Also, might be a way to get a leg up on competitors who are using the same processors in wintel machines

mdavey
Nov 15, 2005, 01:43 PM
Hmm, could this patent mark the end of quoted CPU clock speeds in computer specifications?

I don't know about the G4 and G5 but many CPUs aren't manufactured with a definitive clock speed in mind - once they come of the production line, each unit or batch is characterised and their clocking frequency set with reisistors (typically the presence or absence of zero-Ohm jumpers).

There is often no component difference between, say, a 1.25GHz processor and its 1.67GHz counterpart, just that manufacturing tolerances meant that one batch dissipates heat a little better or consumes a little less power than another.

It sounds like this patent will allow CPUs to run at different clock frequences as long as a CPU temperature limit isn't exceeded. Which might mean that modders could upgrade the fan or heatsink to get better performance; and that sysadmins that locate their equipment in cool server rooms could get better performance. For modders that like to go to extremes (liquid nitrogen cooling, etc), the possibilities are near endless ;)

shamino
Nov 15, 2005, 01:48 PM
Software controlled clock speeds?

How is this different from what's done now? Right now, most processors are designed so software can reduce the speed to something less than 100%, as needed to power consumption.
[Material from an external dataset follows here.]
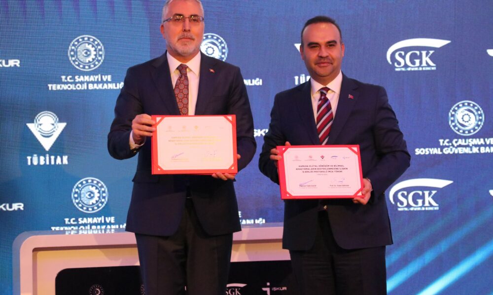 Çalışma ve Sosyal Güvenlik Bakanı Vedat Işıkhan ile Sanayi ve Teknoloji Bakanı Mehmet Fatih Kacır, Sosyal Güvenlik Kurumu (SGK) ve Türkiye İş Kurumunun (İŞKUR), dijital dönüşüm ve bilimsel araştırmaların desteklenmesi amacıyla Türkiye Bilimsel ve Teknolojik Araştırmalar Kurumu (TÜBİTAK) ile yaptığı iş birliğinin protokol imza törenine katıldı. TÜBİTAKta gerçekleştirilen programda, Işıkhan ve Kacır, iş birliği protokolünü imzaladı.
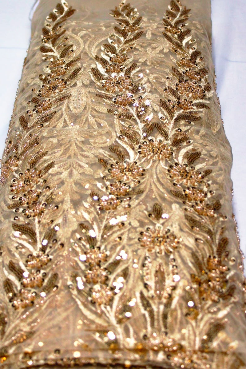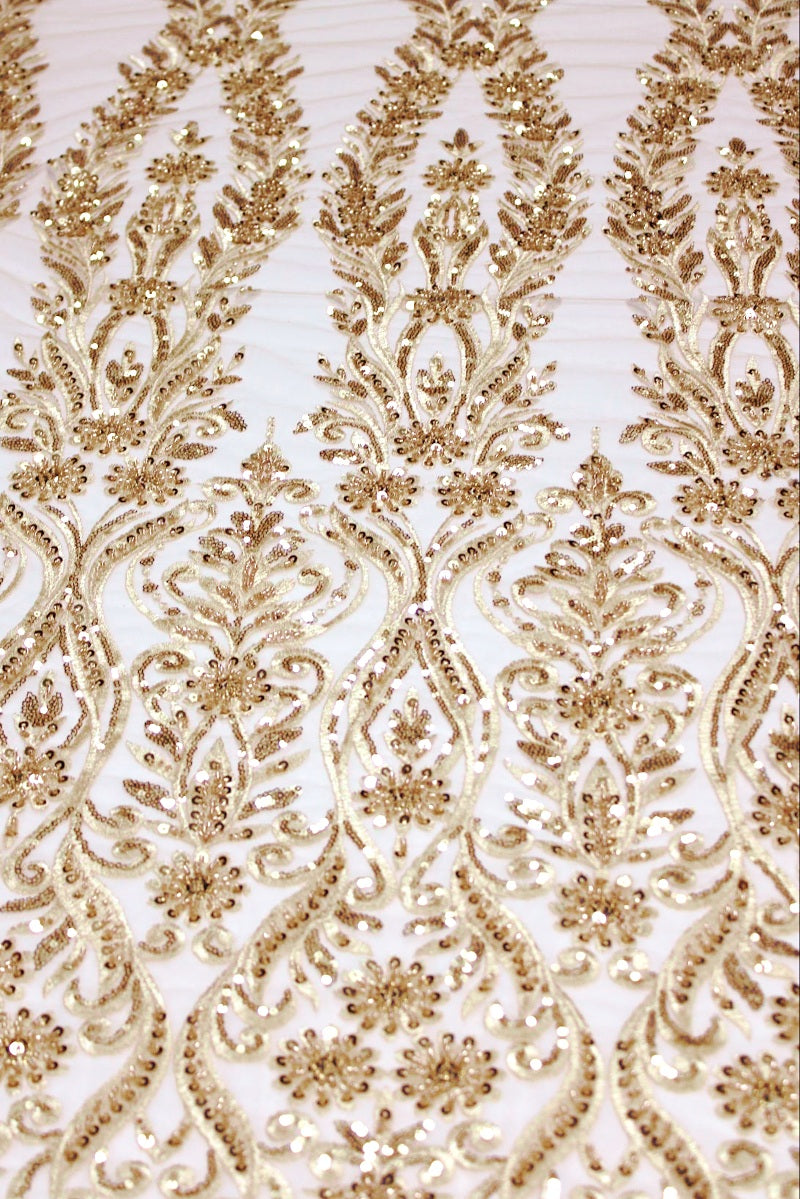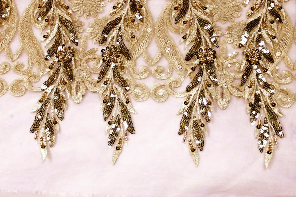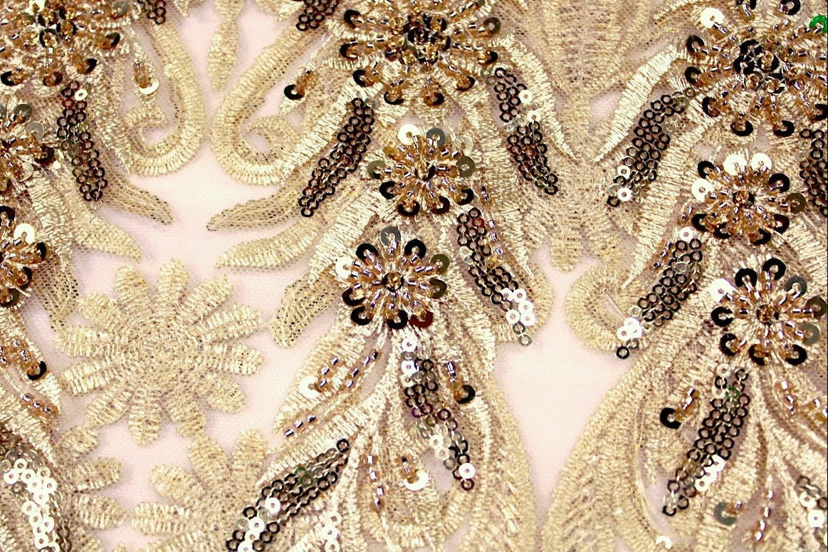 Der er brugt to slags runde pailletter med diameter på hhv. ca. 2mm og 4 mm. Derudover er der brugt små rørformede perler. Pailletter og perler er påsyet i mønster med blomstermotiver. Stoffets fulde bredde er 150 cm, og mønsterets bredde er 128 cm.

This looks like the exact same thing, with only a change of the documentation. So instead of running at 100%, with reductions during idle time, you're normally running at 90%, with both increases and decreases from the baseline value.

This reminds me of the bit from Spinal Tap, about amplifiers going to eleven.

Qunchuy
Nov 15, 2005, 03:18 PM
How is this different from what's done now? Right now, most processors are designed so software can reduce the speed to something less than 100%, as needed to power consumption.

This looks like the exact same thing, with only a change of the documentation. So instead of running at 100%, with reductions during idle time, you're normally running at 90%, with both increases and decreases from the baseline value.
The difference is in the idea of a "sustainable" clock rate, and the invention is about the ability to exceed that rate for a limited amount of time when necessary. The abstract talks about being able to run at >100% for as long as it can deal with the increased power dissipation. It's not about saving power, it's about running as hard as it can at any given time without destroying itself.

shamino
Nov 15, 2005, 04:54 PM
The difference is in the idea of a "sustainable" clock rate, and the invention is about the ability to exceed that rate for a limited amount of time when necessary. The abstract talks about being able to run at >100% for as long as it can deal with the increased power dissipation. It's not about saving power, it's about running as hard as it can at any given time without destroying itself.
This is no different from any other software-controlled clock. They're just renaming what "100%" is.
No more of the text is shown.